Having a great time reading “The Comedians: Drunks, Thieves, Scoundrels, and the History of American Comedy” by Kliph Nesteroff.
He notes something absolutely stunning about the sad and sick development of the laugh track, first in radio and then in television and its ubiquity in broadcasting because it comforted executives that didn’t know what was funny and projected that audiences wouldn’t either.
Nesteroff says that the laugh track was almost adopted in movies as well. Unthinkable huh? Imagine the great movie comedies of the 50s and 60s with laugh tracks. Better yet, don’t.
The film Cat Ballou, a 1965 comic western with Lee Marvin and Jane Fonda actually created a version of the film with an added laugh track. They sent it to a handful of drive-in theaters (remember them?) to see if that would fly. Thankfully it didn’t.

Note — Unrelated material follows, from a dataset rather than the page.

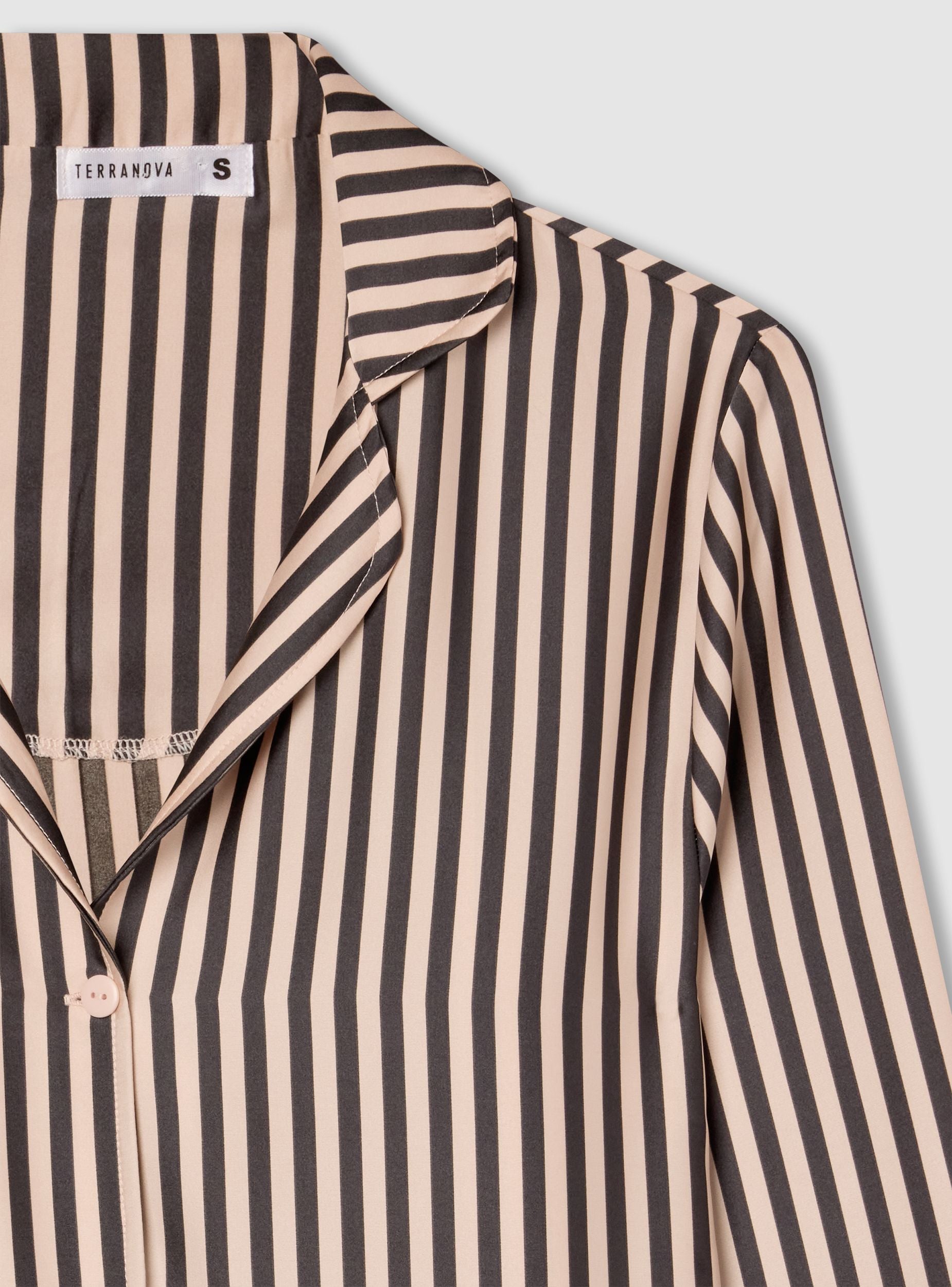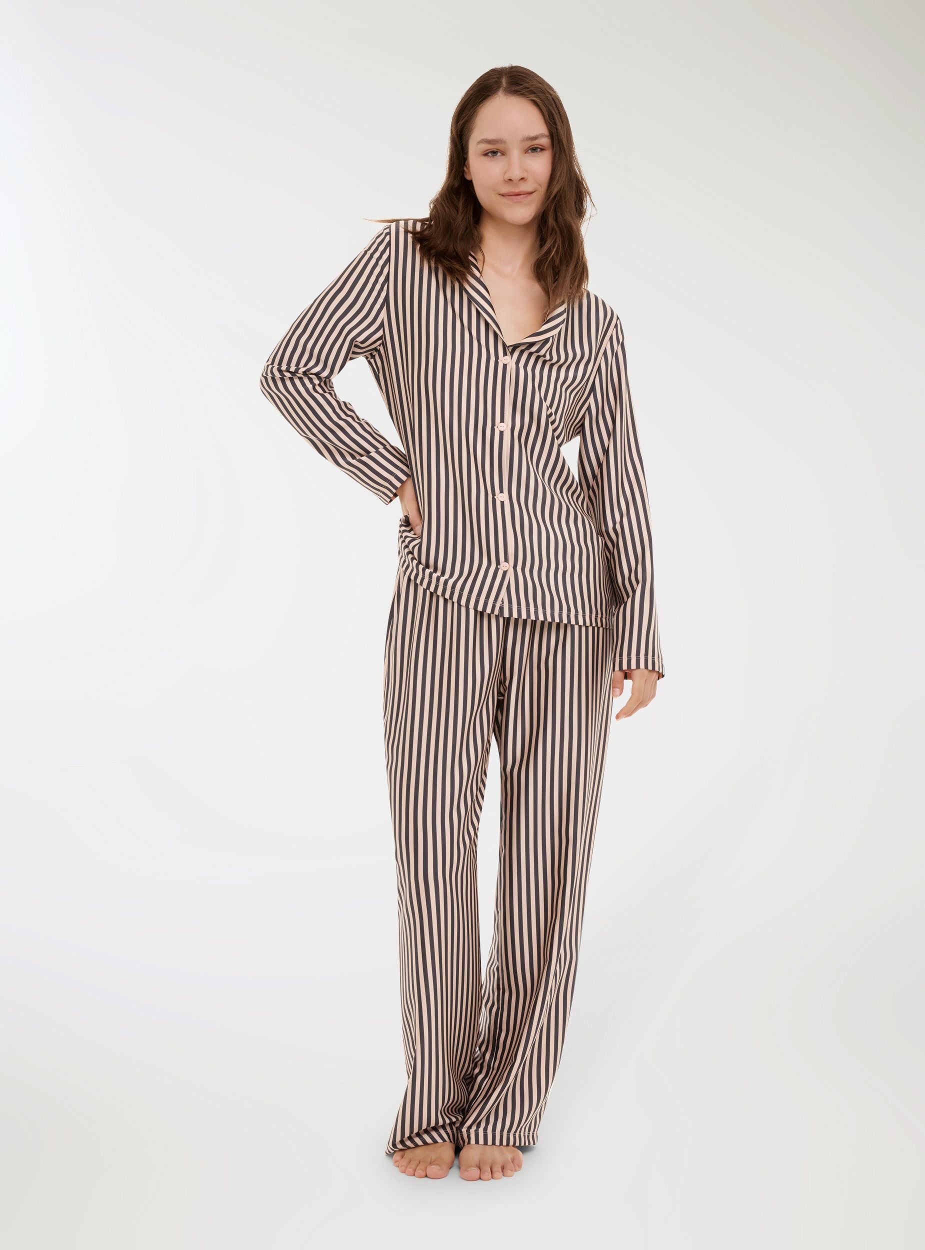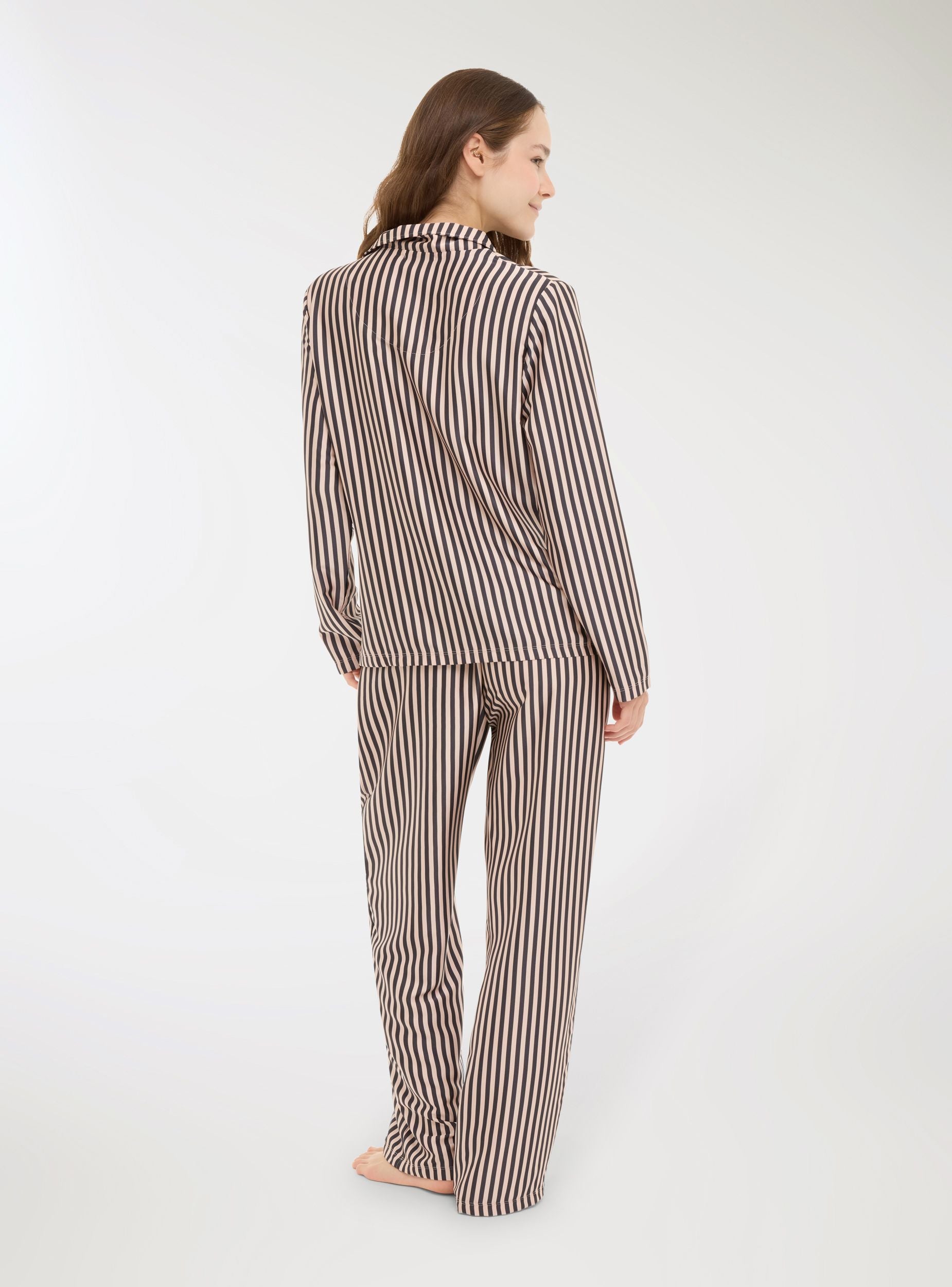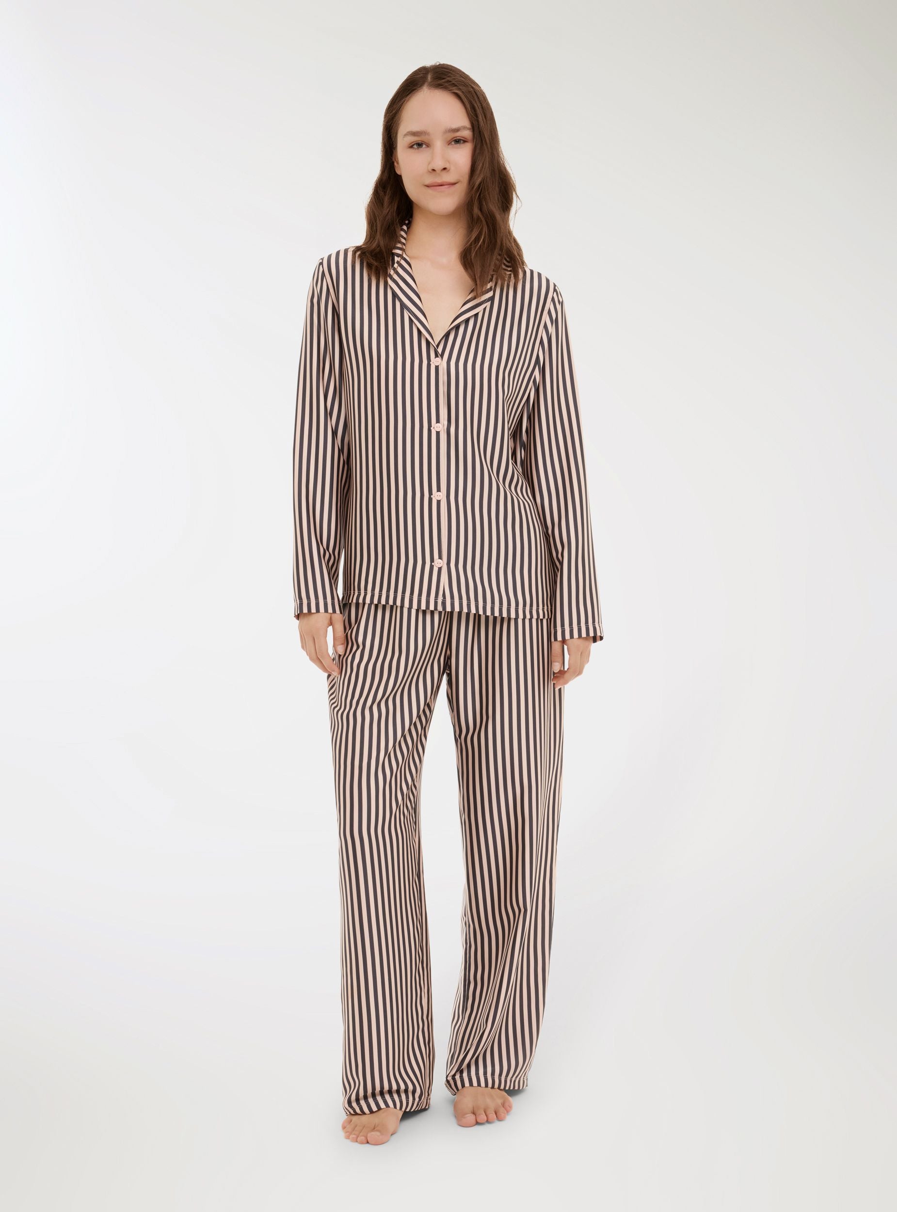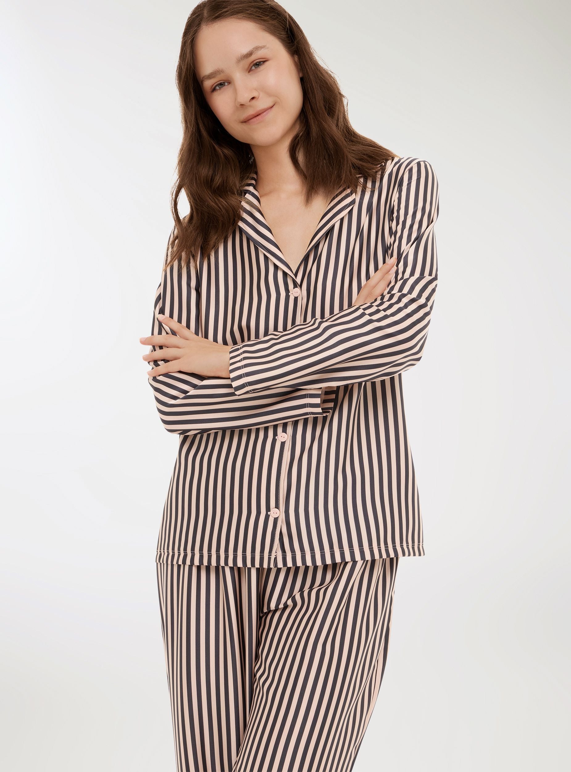 Pigiama da donna composto da camicia e pantaloni lunghi, caratterizzato da una fantasia a righe. La camicia presenta una chiusura con bottoni e un colletto classico, mentre i pantaloni hanno una vestibilitá comoda con elastico in vita. Ideale per momenti di relax e per un look confortevole e raffinato anche a casa.

That was almost as disturbing as anything I’ve read about our government, war, finance or any of those lesser issues of our time.
God I hate laugh tracks.
For extra credit: the first sit-com on network TV to not use a laugh track in the modern era was a 1973 show called “Adam’s Rib” with Ken Howard and Blythe Danner based on the Hepburn/Tracy movie. It was cancelled after one season. It was ballsy and sadly didn’t take at that time. Many great shows in that early 70s era like “All in the Family” and “Mary Tyler Moore” were shot in front a live audience and “sweetened” with laugh tracks. It wasn’t until around 2000 that shows trusted the audience enough to do one camera shoots with no laugh track. See “Malcolm in the Middle”, “30 Rock” et al.